Oder sind andere Staaten nur neidisch über unsere schöne deutsche Sina-Box?

Guckst du hier: “Kanther fordert in seiner Rede, den Risiken, die sich aus der Technik ergeben auch mit den Mitteln der Technik zu begegnen und führt dabei unter anderem auch elektronische Wegfahrsperren als Mittel zur Verhinderung von Kraftfahrzeugdiebstählen an. Dieser Vergleich mutet seltsam unpassend an, handelt es sich dabei doch genau wie der Einsatz von kryptographischen Mitteln um ein klassisches Mittel zu Verbrechensprävention, nicht um ein staatliches Instrument zur Strafverfolgung. Eine Umsetzung von Kanthers Vorschlägen würde den Anwender von Datennetzen seiner legitimen Verteidigungsmöglichkeiten gegen Computerkriminelle berauben.
Kanther führt weiter aus, wie er sich die Kontrolle des Staates vorstellt: “Dies kann dadurch geschehen, daß die verwendeten Schlüssel sicher hinterlegt werden. Durch eine Kombination von organisatorischen, personellen, technischen und juristischen Maßnahmen kann jedem Verdacht einer Mißbrauchsmöglichkeit begegnet werden.”

Das war am 28 April 1997! Es gibt noch andere hübsche Beispiele. Vor 20 Jahren fragte Florian Rötzer auf Telepolis: “Nichts mehr mit Pretty Good Privacy?” Oder der Guardian (2001): “Pakistan to ban encryption software”.

Ich schrieb hier vor 12 Jahren: Der Artikel von Heise erinnerte mich an meinen Text auf spiggel.de vom 10.02.2007: “Geheimes Schreiben gegen Schäuble“, in dem ich Steganografie unter Linux vorstellte. Mit ein paar Befehlen kann man Texte so in Bildern verstecken, dass sie kaum gefunden werden.

Hier ein Beispiel, die Fotos oben sind das Ergebnis: Das linke Bild ist das Original, im rechten Foto ist ein längeres Zitat aus dem Koran verborgen. Ich habe vorher nachgesehen, in welchen Passagen es um den Jihad geht.

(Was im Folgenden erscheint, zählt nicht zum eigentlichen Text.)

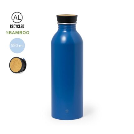 Bidón de 550 ml de capacidad. Fabricado en elegante y sostenible aluminio reciclado. De acabado satinado, incluye original tapón a rosca con detalle de bambú y libre de BPA. Con distintivo Aluminio Reciclado. Presentado en caja de diseño kraft y en bolsa individual reciclada. El aluminio reciclado es un material con posibilidades de reciclaje casi infinitas, sin perder sus propiedades originales y consumiendo menos energía en este proceso.
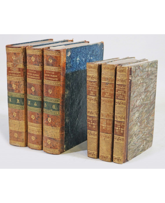 Lotto di sei volumi: Francois Gayot de Pitaval. Cause celebri e interessanti co' giudizi che l'hanno decise. Napoli. Presso Vincenzo Pauria. 1755. Opera in sei tomi raccolti in tre volumi con legatura in mezza pelle; Francesco Canofari. Comentario sulla parte seconda del Codice per lo Regno delle Due Sicilie. Napoli. Dalla Tipografia di Angelo Trani. 1819. Opera in tre volumi con legatura in mezza pelle.
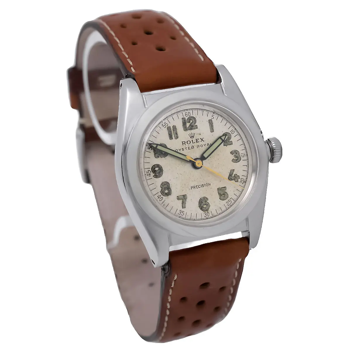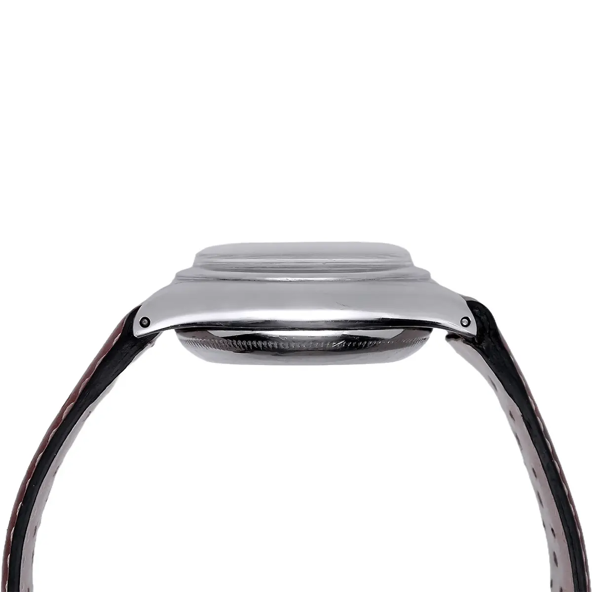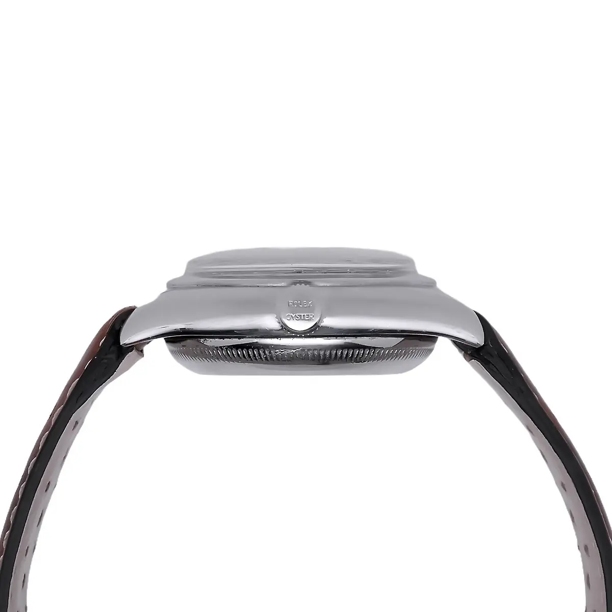 Mit einem Durchmesser von 32 mm repräsentiert dieses Exemplar die klassische Herrengröße der 40er Jahre. Das dreiteilige Oyster-Gehäuse aus Edelstahl verfügt über die charakteristisch verschraubte Krone und den verschraubten Boden, was die Uhr für ihre Zeit extrem widerstandsfähig machte. Das Zifferblatt zeigt eine authentische, altersgemäße Patina, die den Charakter dieses Zeitzeugen unterstreicht.

burks@master:~/burksfiles/temp5$ touch osama.txt
burks@master:~/burksfiles/temp5$ echo "Und wenn die heiligen Monate abgelaufen sind, dann tötet die Götzendiener, wo immer ihr sie findet, und ergreift sie und belagert sie und lauert ihnen aus jedem Hinterhalt auf. Wenn sie aber bereuen und das Gebet verrichten und die Zakah entrichten, dann gebt ihnen den Weg frei. Wahrlich, Allah ist Allvergebend, Barmherzig;"> osama.txt
burks@master:~/burksfiles/temp5$ zip secretmessage.zip osama.txtupdating: osama.txt (deflated 36%)
burks@master:~/burksfiles/temp5$ cat 181008_2.jpg secretmessage.zip > 181008_3.jpg

Oder wünscht das Publikum, weil es besorgt ist, dass ich hier einen Online-Lehrgang über Steganografie anbiete? Gehe ich richtig in der Annahme, dass niemand mehr Windows 3.11 benutzt?

Vermischte Alu-Hüte

volksbad
Müller’sches Volksbad München, fotografiert am 20.10.2003, Symboldbild für alles

Was ich unbedingt noch mitteilen wollen, aber nicht dazu kam:

Jacobin spricht mir aus der Seele, was die Aluhut-Träger angeht.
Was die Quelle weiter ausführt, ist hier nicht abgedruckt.